No doubt the investigation will be taken up very shortly by the already appointed special committee of the Association of University Professors, and in the course of a year or two a report will appear. This will substantiate what I say. Many statements I shall make without offering proof simply because I shall attempt to save time. Whenever the statements are based only upon my own conjectures I shall make them with qualifications.
Before entering upon the story proper it may be well to furnish the setting and describe the chief actors.
Colorado College was founded in 1874 under the care and with the support of the Congregational Church. This support was less apparent in recent years and grudgingly acknowledged by the college authorities, but was so real that as late as the college year 1916- 1917 part (one-third, I understand) of one professor's salary came from the church. Initially of course men of religious association played an important part upon board and faculty. It may have been in part for this very predominance of "the cloth"" that the infancy of Colorado College was so feeble. Money was lacking; so were students. In 1888 the school was practically bankrupt, very small, and without standing of any sort.

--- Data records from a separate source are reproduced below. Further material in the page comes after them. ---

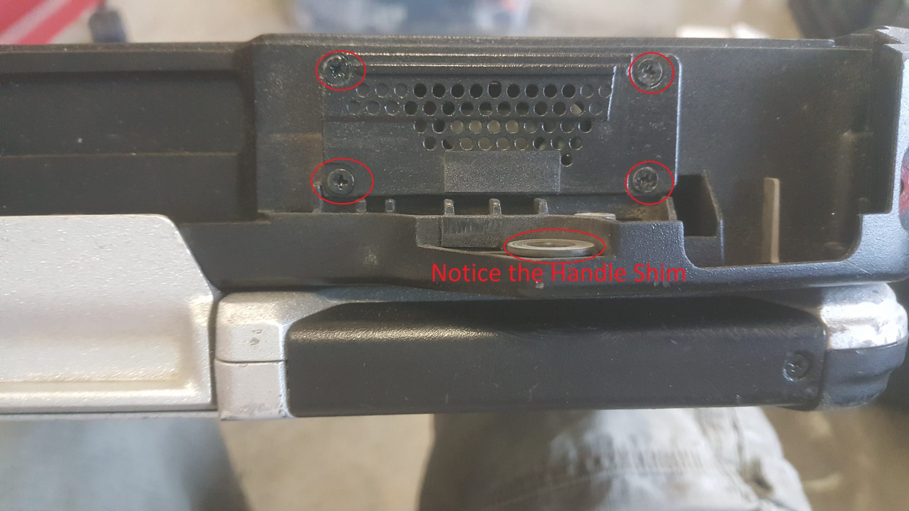 Put the carrying handle back in place and make sure there is a handle shim on each side of the handle pin. Shim pictured below.
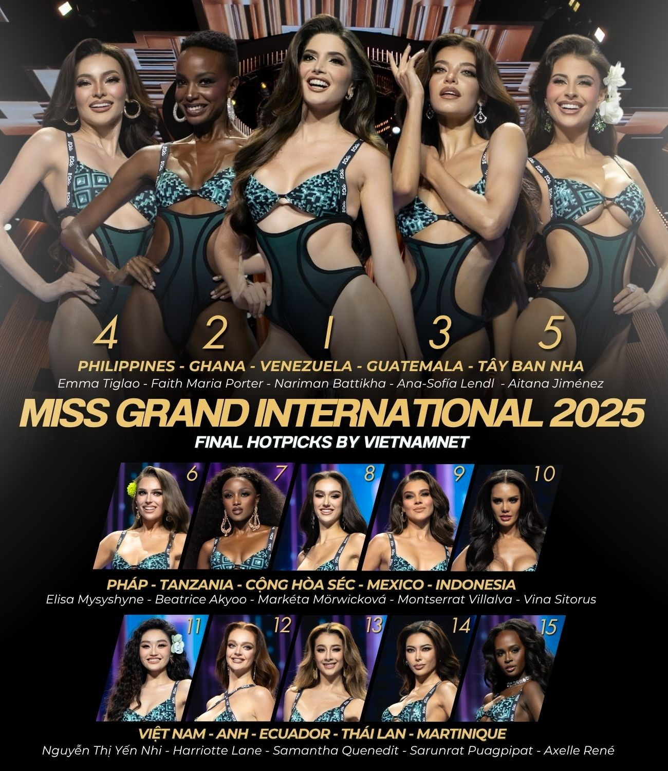 Dự đoán kết quả Miss Grand International (Hoa hậu Hòa bình Quốc tế) 2025 của VietNamNet.
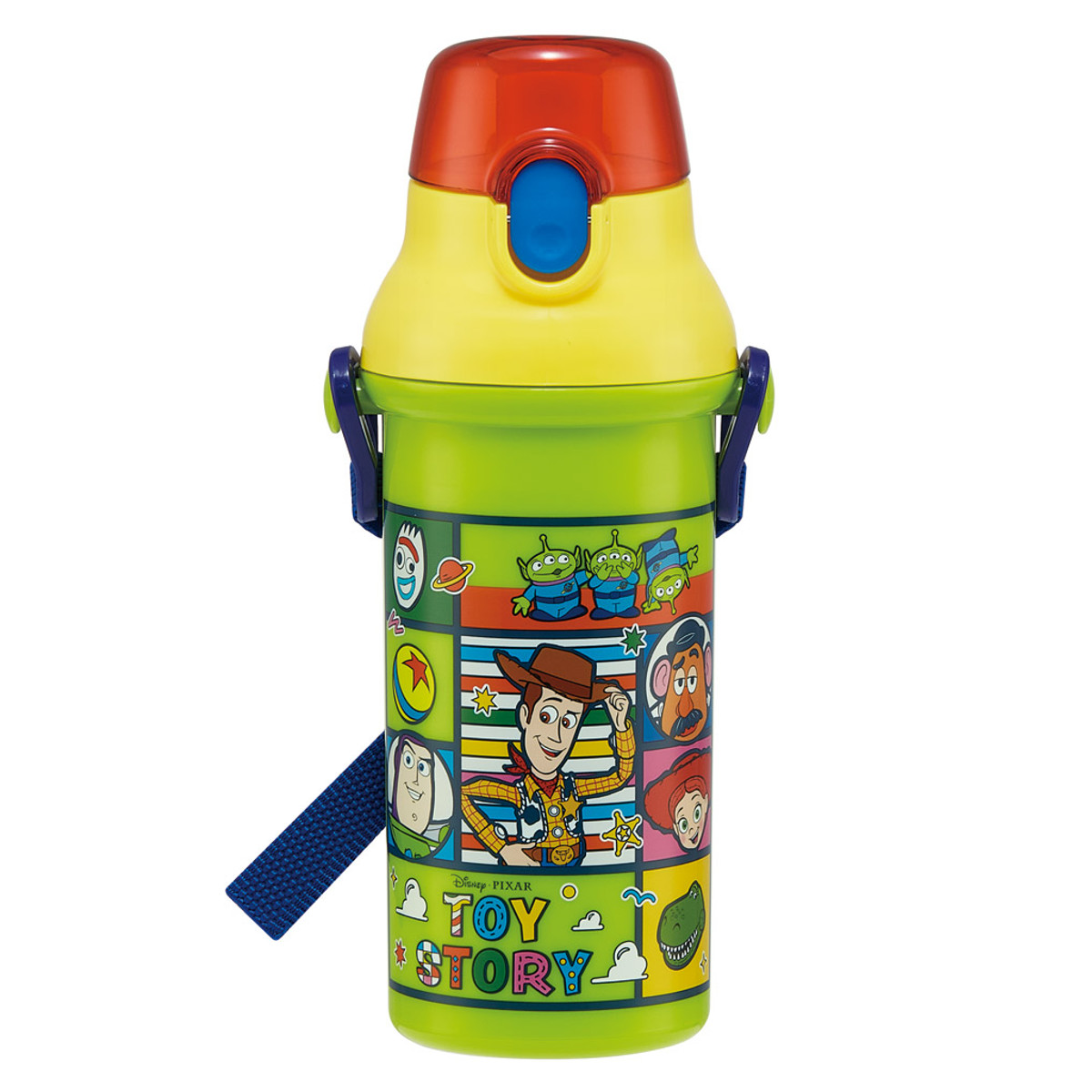 水筒 480ml 抗菌直飲プラボトル トイ・ストーリー25 ( トイ・ストーリー 子供用 抗菌 プラスチック製 ダイレクトボトル 直飲み ワンタッチ 日本製 抗菌加工 AG 銀 ショルダーベルト付き 広口 軽量 ボトル ワンプッシュ )

At this time came William F. Slocum, fresh from a Congregational pastorate in Philadelphia, I believe, thirty-seven, strong, ambitious, backed by rich friends in the East, dominating, indomitable, aggressive, persuasive, eloquent, impressive in appearance and address. He laid hold of the little flabby college and the lukewarm backers and from the wreck built in twenty years a big, well equipped, fairly well known college. He allowed ministers and other professional gentlemen to slip from the board of trustees and replaced them with financiers of his own choosing, until in 1915 he had about him as trustees men whose chief attribute was money. One or two local trustees like Armstrong were men of college training and fairly broad horizon. A few far away had names with which to conjure. The others knew nothing of educational matters, cared nothing at all for Colorado College save that they were flattered to be its trustees, believed in Slocum through and through, and were willing from time to time to dig up a few thousand dollars from their millions to meet pressing needs. They did not question how he ran the college and were perfectly willing to accept his decision as their own so long as their toy did not cost them too much. Of course they did not know the men on the faculty and were of the opinion that Slocum should do exactly as he pleased with his teachers.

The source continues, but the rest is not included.